Вернувшись в свой кабинет, позвонил в оперчать, спросил, нет ли новостей. Но уже по голосу майора Ткаченко, по первым его словам понял: новостей нет, ни хороших, ни плохих. Чтобы отвлечься от дурных мыслей, Соболев постарался сосредоточиться на работе.
Итак, схема побега более или менее ясна, но личности беглецов вызывают вопросы. Тут ничего не клеится, не складывается.
Зэки не воле не были знакомы, на зоне никогда не поддерживали друг с другом отношений. Вопрос: когда же они вошли в сговор? Уже в медсанчасти? Отпадает. Ведь побег готовили загодя. Пронесли инструмент, устроили тайник на производственной зоне. А уж про тот «газик» и поминать не стоит.
* * *
Соболев стал листать дела, выписывая в блокнот фамилии и имена преступников, категорию их учета и время окончания лагерного срока. Первый – Хомяков Сергей Васильевич, кличка Хомяк. Рецидивист, имеет три судимости, обвиняется в разбое и грабежах, срок заканчивается через пять с половиной лет. От роду тридцать восемь. В медсанчасть попал, получив ножевое ранение в плечо.
Своего обидчика операм не называл, сказал только, что когда оклемается, сам его попишет.

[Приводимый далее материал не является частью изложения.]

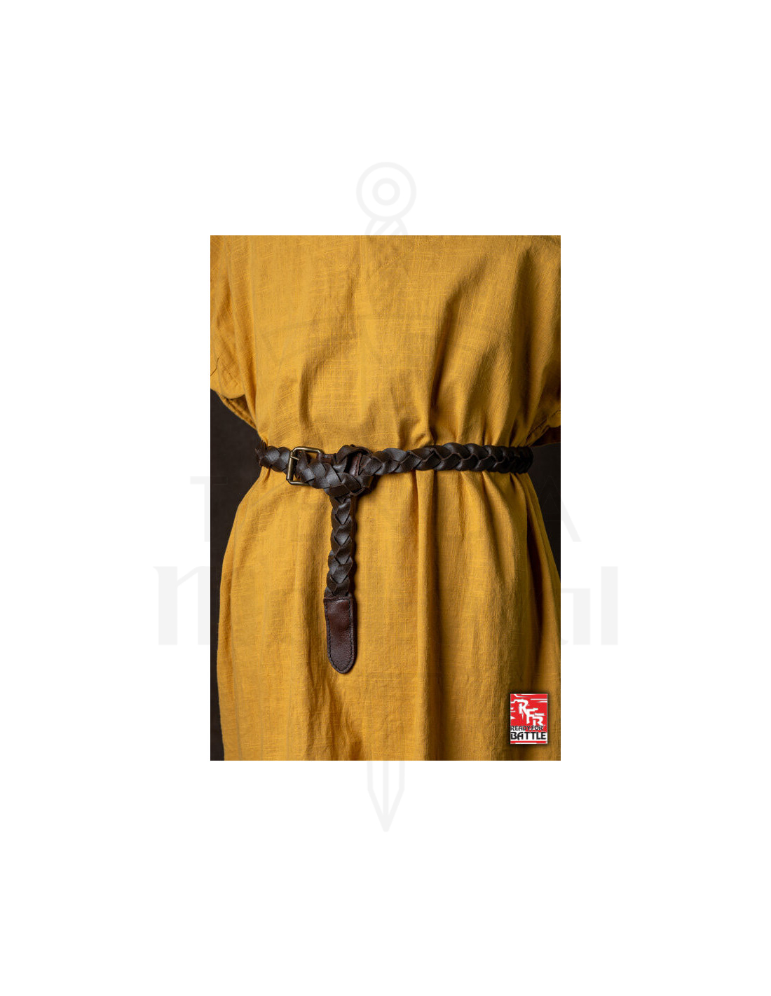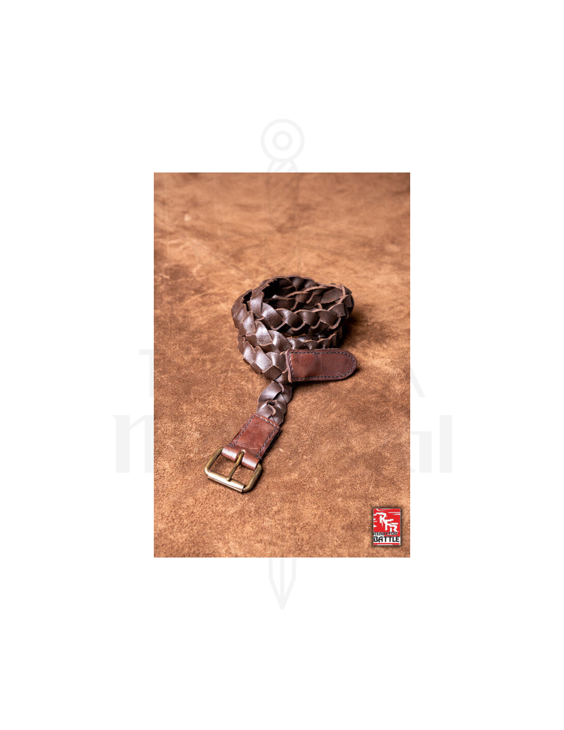 Este cinto trançado em couro de cor marrom leva você de volta à época das façanhas medievais, perfeito para acrescentar autenticidade ao seu traje ou cosplay de cavaleiro em treinamento. Com um design elaborado em couro de alta qualidade, seus três delicados cordões trançados oferecem uma base resistente e estilizada para segurar armas e acessórios, conferindo um toque de distinção ao seu visual.

Впрочем, веры Хомяку нет, он из тех блатарей, кто сам себе глаз вытащит и на жопу натянет, лишь бы неделю в больничке отлежаться. Очевидно, ножевое ранение в плечо – не более чем членовредительство. И надо было мастырщика Хомяка запереть не в медсанчасти, а в холодном кандее суток на пятнадцать.
Лудник Георгий Афанасьевич, рецидивист, пять судимостей, кличка Морж. Обвиняется в грабеже и убийстве, сорок четыре года от роду, срок заканчивается через пять лет. По всей видимости, именно Хомяков и Лудник стали идейными вдохновителями и организаторами побега. Оба с ранней юности не вылезают из тюрем и лагерей, оба в авторитете, оба способны на решительные, отчаянные поступки.